● **Material for the task**:
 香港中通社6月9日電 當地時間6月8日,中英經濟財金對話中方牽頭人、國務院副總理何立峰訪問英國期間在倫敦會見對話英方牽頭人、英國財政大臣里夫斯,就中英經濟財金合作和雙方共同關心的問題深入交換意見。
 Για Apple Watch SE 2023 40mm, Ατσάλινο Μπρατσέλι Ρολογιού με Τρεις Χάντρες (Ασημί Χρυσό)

...

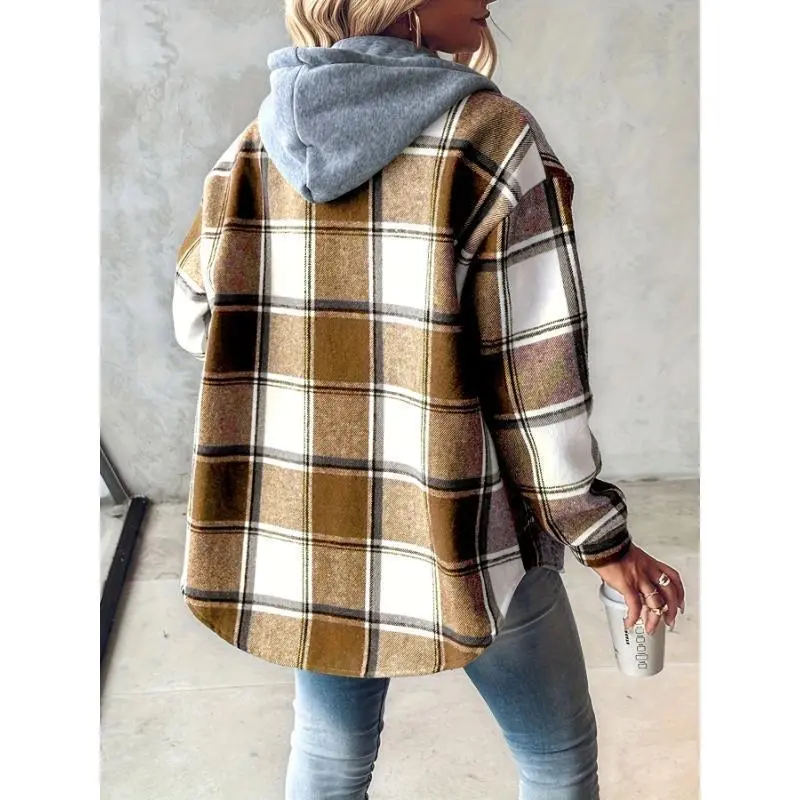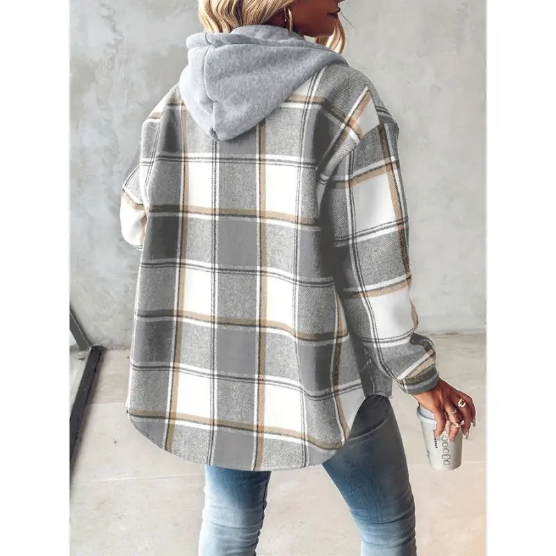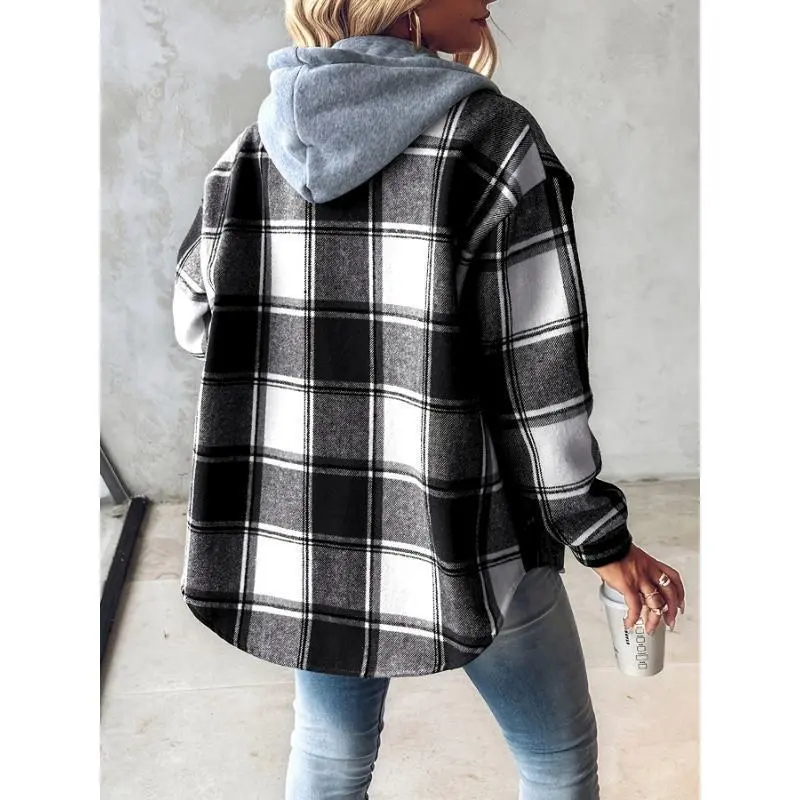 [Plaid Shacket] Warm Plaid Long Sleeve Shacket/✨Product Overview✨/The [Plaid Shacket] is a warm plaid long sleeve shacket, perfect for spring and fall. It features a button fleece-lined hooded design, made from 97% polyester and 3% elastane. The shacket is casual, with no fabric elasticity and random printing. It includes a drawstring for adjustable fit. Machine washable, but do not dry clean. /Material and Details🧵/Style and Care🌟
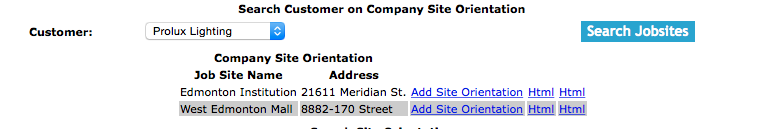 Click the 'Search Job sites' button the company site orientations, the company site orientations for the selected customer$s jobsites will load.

● **Assignment**: Out of the listing above, reproduce exactly the lines from the one with "香港中通社6月9日電 當地時" up to and including the one with "Για Apple Watch".

● **Your response**:
 香港中通社6月9日電 當地時間6月8日,中英經濟財金對話中方牽頭人、國務院副總理何立峰訪問英國期間在倫敦會見對話英方牽頭人、英國財政大臣里夫斯,就中英經濟財金合作和雙方共同關心的問題深入交換意見。
 Για Apple Watch SE 2023 40mm, Ατσάλινο Μπρατσέλι Ρολογιού με Τρεις Χάντρες (Ασημί Χρυσό)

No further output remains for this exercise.